> **What to produce**
Please reproduce the data exactly and omit the pictures.
# # # # # # #
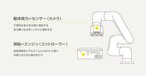 ニコンの超小型マシンビジョンカメラLuFact(ルファクト)を採用することで、ロボットアームに取り付けるセンサー(カメラ)の軽量・小型化を実現しています。
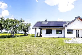Надзвичайно вражаючий та зручний одноповерховий будинок з чітко визначеними господарськими зонами. Цікавий дизайн корпусу, сучасні деталі та продумане поєднання різних оздоблювальних матеріалів надають йому неповторного вигляду. Увагу привертає чудово облаштована, велика зона відпочинку на відкритому повітрі, що складається з критої тераси з літньою їдальнею та зоною відпочинку, накритою сучасною перголою. На фронтальному фасаді було спроєктовано функціональну аркаду, завдяки якій вхід до будинку був захищений від несприятливих погодних умов. L-подібна форма будівлі дала можливість природного поділу денної та нічної зони шляхом розміщення їх в окремих крилах. Це рішення забезпечить жителям більшу свободу та підвищить рівень комфорту. Вітальня, повна природного світла, є ідеальним місцем для спільного сімейного відпочинку, який зимовими вечорами буде ще приємнішим завдяки сяйві романтичного каміна. Відкриття стелі над вітальнею та їдальнею посилює враження просторості інтер'єру та дало можливість використовувати високі вікна у вітальні, які підкреслюють її сучасний характер та забезпечують цікавий візуальний ефект. З вітальні можна потрапити на криту терасу, а центральне місце житлової зони займає представницька їдальня. По осі великого столу було спроєктовано широке розсувне скління тераси, що забезпечує плавне сполучення з садом. Їдальня з'єднана з кухнею довгим півостровом, який може бути оформлений у вигляді барної стійки, але також служитиме додатковою робочою поверхнею. Кутове вікно забезпечує гарне освітлення кухонної зони, де комфортна робота буде забезпечена за рахунок правильної організації функцій, додаткове місце для зберігання запасів продуктів пропонує комора. Житлова зона будинку доповнена туалетом, спроєктованим поруч із вестибюлем. Приватна зона "Будинок у мажанках" складається з трьох добре розташованих, світлих спалень та ванної кімнати. У кімнаті батьків, із якої можна вийти на терасу, також спроєктовано окремий гардероб. У проєкті є багато місць, де можна встановити шафи, які дають змогу зручно зберігати одяг усіх членів сім'ї. Газова котельня поєднана з пральною, це приміщення розташоване поруч із тамбуром. Представлений проєкт будинку відноситься до популярних категорій: проєкти сучасних будинків та проєкти одноповерхових будинків.
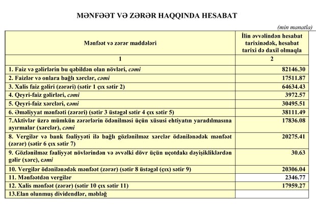 İri Azərbaycan bankı 18 milyon manat qazanıb
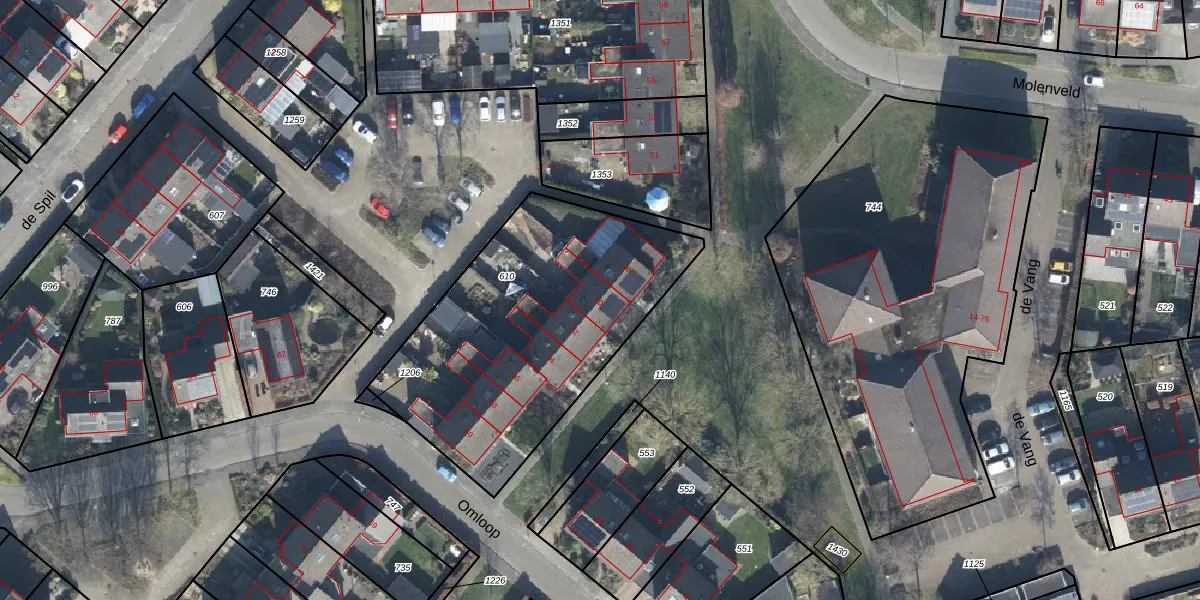 Het perceel waarop Omloop 50 staat heeft een oppervlakte van 1390 m². Dit is een zeer groot perceel. De perceeloppervlakte wordt geregistreerd door het Kadaster. Gedetailleerde informatie over de maten van dit perceel kunt u vinden in het rapport Kadastrale kaart met maatvoering van Omloop 50.
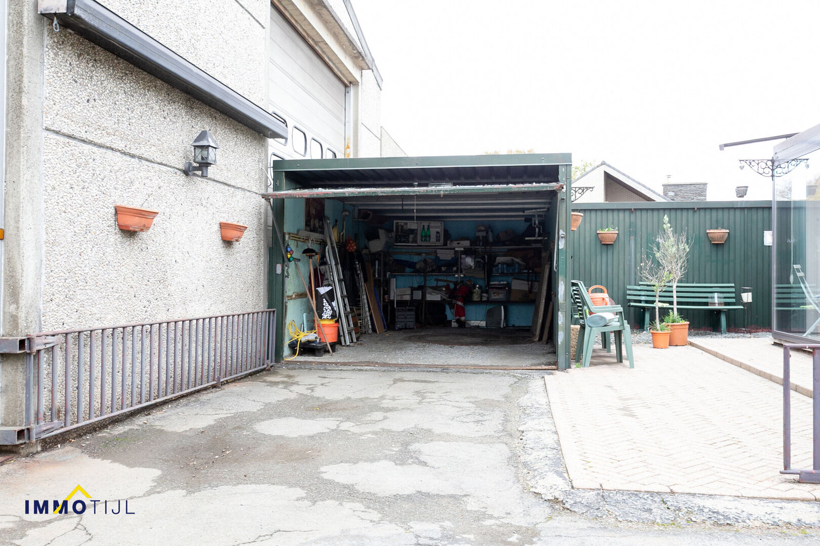 Achteraan, bereikbaar via de brede oprit, situeert zich de hangar met een oppervlakte van circa 300 vierkante meter (17,6m lang en 16,5m breed – hoogte midden is 6m10). Hoge inrijpoort. De loods deed dienst als voormalige carrosserie en is ideaal voor opslag of de uitoefening van een zelfstandige activiteit.
# # # # # # #
> **Solution for this problem**
 ニコンの超小型マシンビジョンカメラLuFact(ルファクト)を採用することで、ロボットアームに取り付けるセンサー(カメラ)の軽量・小型化を実現しています。
Надзвичайно вражаючий та зручний одноповерховий будинок з чітко визначеними господарськими зонами. Цікавий дизайн корпусу, сучасні деталі та продумане поєднання різних оздоблювальних матеріалів надають йому неповторного вигляду. Увагу привертає чудово облаштована, велика зона відпочинку на відкритому повітрі, що складається з критої тераси з літньою їдальнею та зоною відпочинку, накритою сучасною перголою. На фронтальному фасаді було спроєктовано функціональну аркаду, завдяки якій вхід до будинку був захищений від несприятливих погодних умов. L-подібна форма будівлі дала можливість природного поділу денної та нічної зони шляхом розміщення їх в окремих крилах. Це рішення забезпечить жителям більшу свободу та підвищить рівень комфорту. Вітальня, повна природного світла, є ідеальним місцем для спільного сімейного відпочинку, який зимовими вечорами буде ще приємнішим завдяки сяйві романтичного каміна. Відкриття стелі над вітальнею та їдальнею посилює враження просторості інтер'єру та дало можливість використовувати високі вікна у вітальні, які підкреслюють її сучасний характер та забезпечують цікавий візуальний ефект. З вітальні можна потрапити на криту терасу, а центральне місце житлової зони займає представницька їдальня. По осі великого столу було спроєктовано широке розсувне скління тераси, що забезпечує плавне сполучення з садом. Їдальня з'єднана з кухнею довгим півостровом, який може бути оформлений у вигляді барної стійки, але також служитиме додатковою робочою поверхнею. Кутове вікно забезпечує гарне освітлення кухонної зони, де комфортна робота буде забезпечена за рахунок правильної організації функцій, додаткове місце для зберігання запасів продуктів пропонує комора. Житлова зона будинку доповнена туалетом, спроєктованим поруч із вестибюлем. Приватна зона "Будинок у мажанках" складається з трьох добре розташованих, світлих спалень та ванної кімнати. У кімнаті батьків, із якої можна вийти на терасу, також спроєктовано окремий гардероб. У проєкті є багато місць, де можна встановити шафи, які дають змогу зручно зберігати одяг усіх членів сім'ї. Газова котельня поєднана з пральною, це приміщення розташоване поруч із тамбуром. Представлений проєкт будинку відноситься до популярних категорій: проєкти сучасних будинків та проєкти одноповерхових будинків.
 İri Azərbaycan bankı 18 milyon manat qazanıb
 Het perceel waarop Omloop 50 staat heeft een oppervlakte van 1390 m². Dit is een zeer groot perceel. De perceeloppervlakte wordt geregistreerd door het Kadaster. Gedetailleerde informatie over de maten van dit perceel kunt u vinden in het rapport Kadastrale kaart met maatvoering van Omloop 50.
 Achteraan, bereikbaar via de brede oprit, situeert zich de hangar met een oppervlakte van circa 300 vierkante meter (17,6m lang en 16,5m breed – hoogte midden is 6m10). Hoge inrijpoort. De loods deed dienst als voormalige carrosserie en is ideaal voor opslag of de uitoefening van een zelfstandige activiteit.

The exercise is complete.